You can also add a simple image size check:
docker image inspect ai-agent-api:optimized \
--format='{{.Size}}'
In mature teams, image optimization becomes part of the same quality loop as tests, linting, and vulnerability scanning.
Practical Trade-offs
Optimization has trade-offs.
The smallest image is not always the best image. Alpine images are smaller, but native Node.js packages may require extra work. Distroless images reduce attack surface, but they are harder to debug because they do not include a shell. Aggressive cleanup can make troubleshooting painful. Multi-stage builds improve runtime images, but they may add complexity to the Dockerfile.

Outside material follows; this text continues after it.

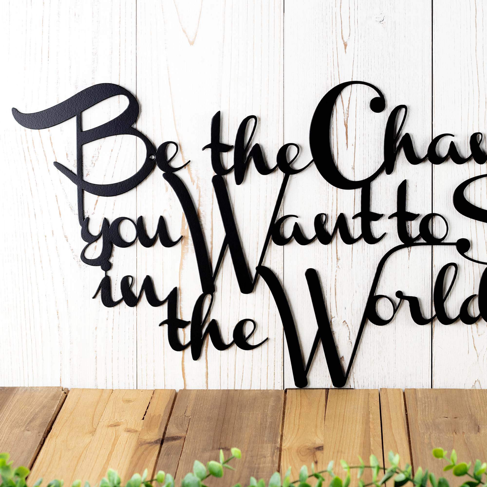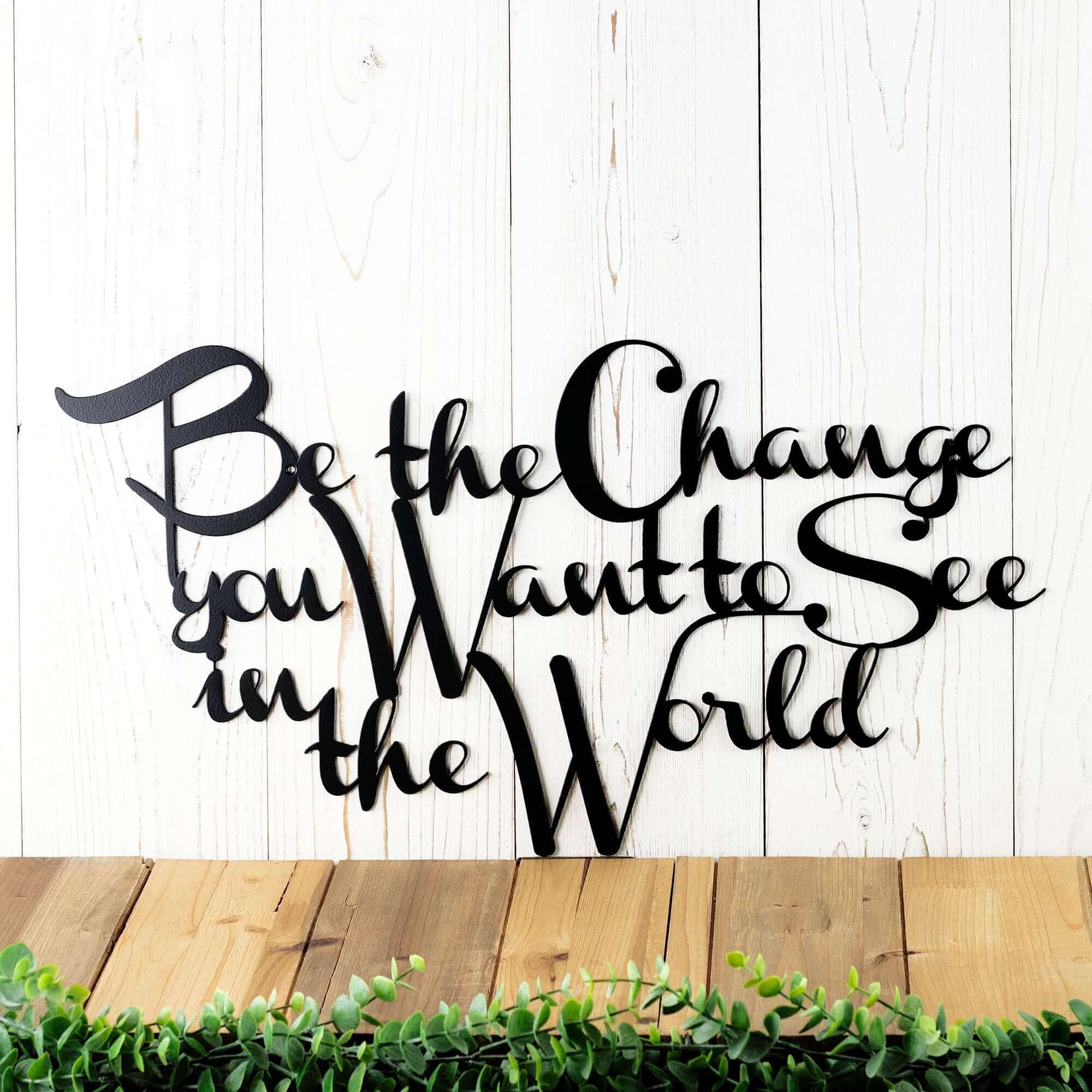 Elevate your space with our "Be The Change You Want To See In The World" Metal Wall Art. Crafted with precision and care, this inspirational piece carries a powerful message. Hang it in your home or workspace as a daily reminder to inspire positive change, both within yourself and the world around you. The elegant design and durable metal construction ensure that this art serves as a timeless source of motivation and reflection. It's a striking addition to any room, encouraging you to take action and make a difference, one step at a time.

For most TypeScript AI agents, the best starting point is simple: use a slim base image, use multi-stage builds, exclude unnecessary files, install only production dependencies, run as a non-root user, and inspect the result with Dive.
That will usually get you most of the benefit without turning the Dockerfile into a maintenance burden.
Conclusion
Docker image optimization is not just a performance trick. For TypeScript AI agents, it is part of reliability and security.
A smaller image pulls faster, deploys faster, scans faster, and usually contains fewer unnecessary files. A cleaner image also makes it easier to understand what your AI service is actually shipping. That matters when the application has access to model APIs, tools, browsers, databases, and credentials.
Start with the obvious improvements. Replace the one-stage Dockerfile with a multi-stage build. Use node:slim instead of the full image. Add a careful .dockerignore. Install only production dependencies in the final stage. Keep Playwright and other heavy tooling out of the main runtime image unless the agent truly needs them. Then use Dive to inspect the image instead of guessing.
The goal is not to win a smallest-image contest. The goal is to ship a focused, understandable, production-ready image for your AI agent.